*Input material:*
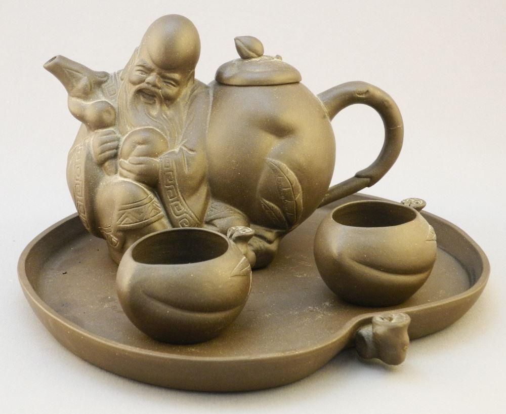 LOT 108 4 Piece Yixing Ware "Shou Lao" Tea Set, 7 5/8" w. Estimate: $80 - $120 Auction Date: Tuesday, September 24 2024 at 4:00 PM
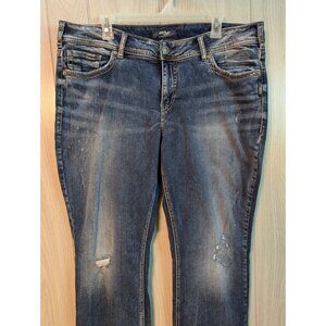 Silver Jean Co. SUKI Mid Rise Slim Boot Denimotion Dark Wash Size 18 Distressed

--

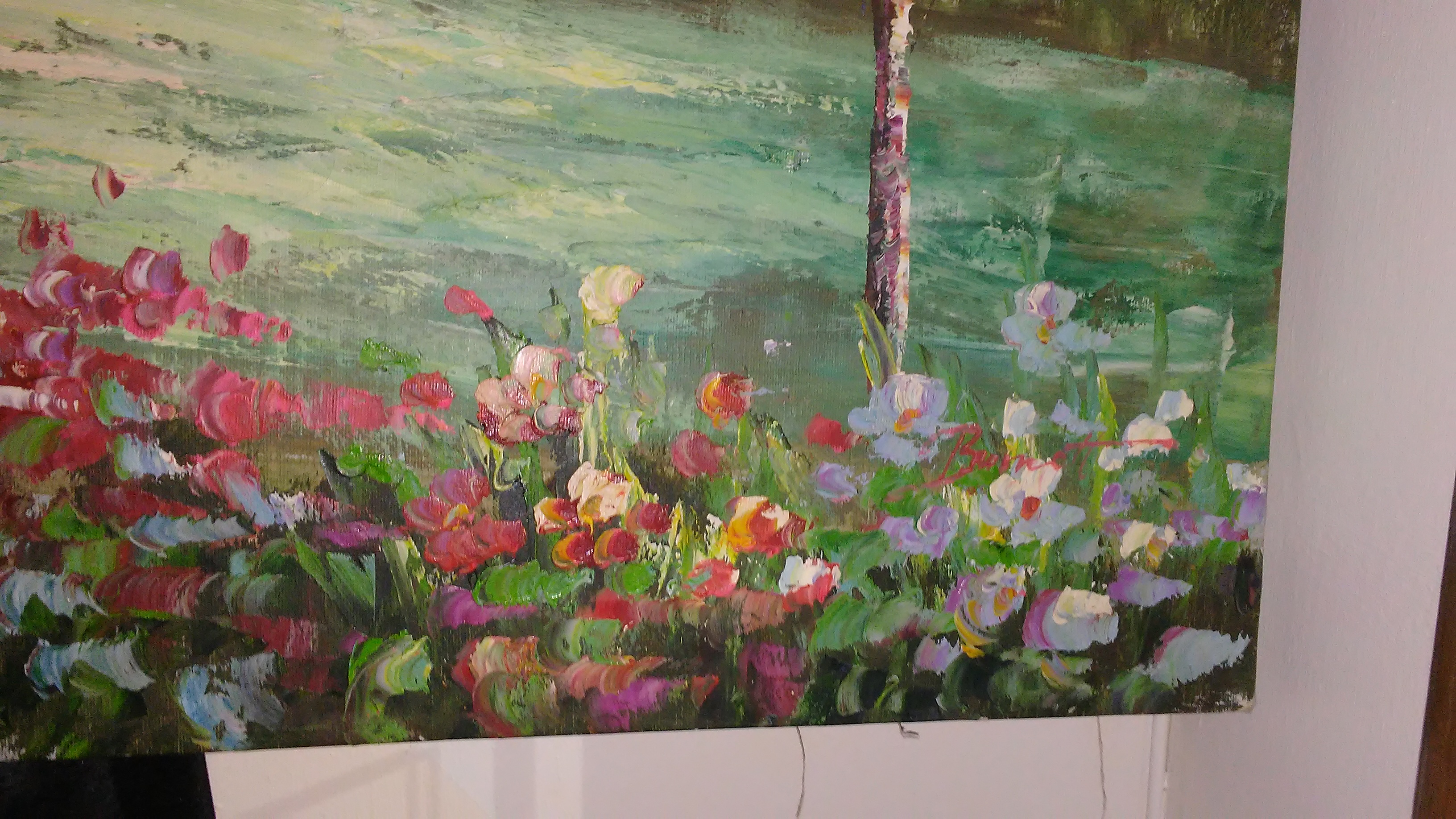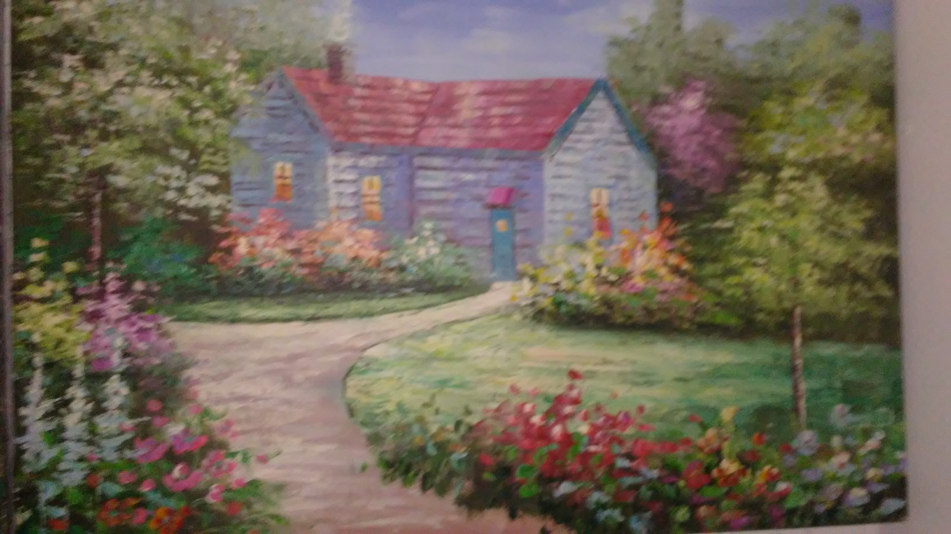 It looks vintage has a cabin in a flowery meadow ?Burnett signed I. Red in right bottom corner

*Brief:* Repeat, word for word, the lines of the material above from the one holding "LOT 108 4 Piece" through the one holding "Silver Jean Co.". Leave out pictures.

*Completed task:*
 LOT 108 4 Piece Yixing Ware "Shou Lao" Tea Set, 7 5/8" w. Estimate: $80 - $120 Auction Date: Tuesday, September 24 2024 at 4:00 PM
 Silver Jean Co. SUKI Mid Rise Slim Boot Denimotion Dark Wash Size 18 Distressed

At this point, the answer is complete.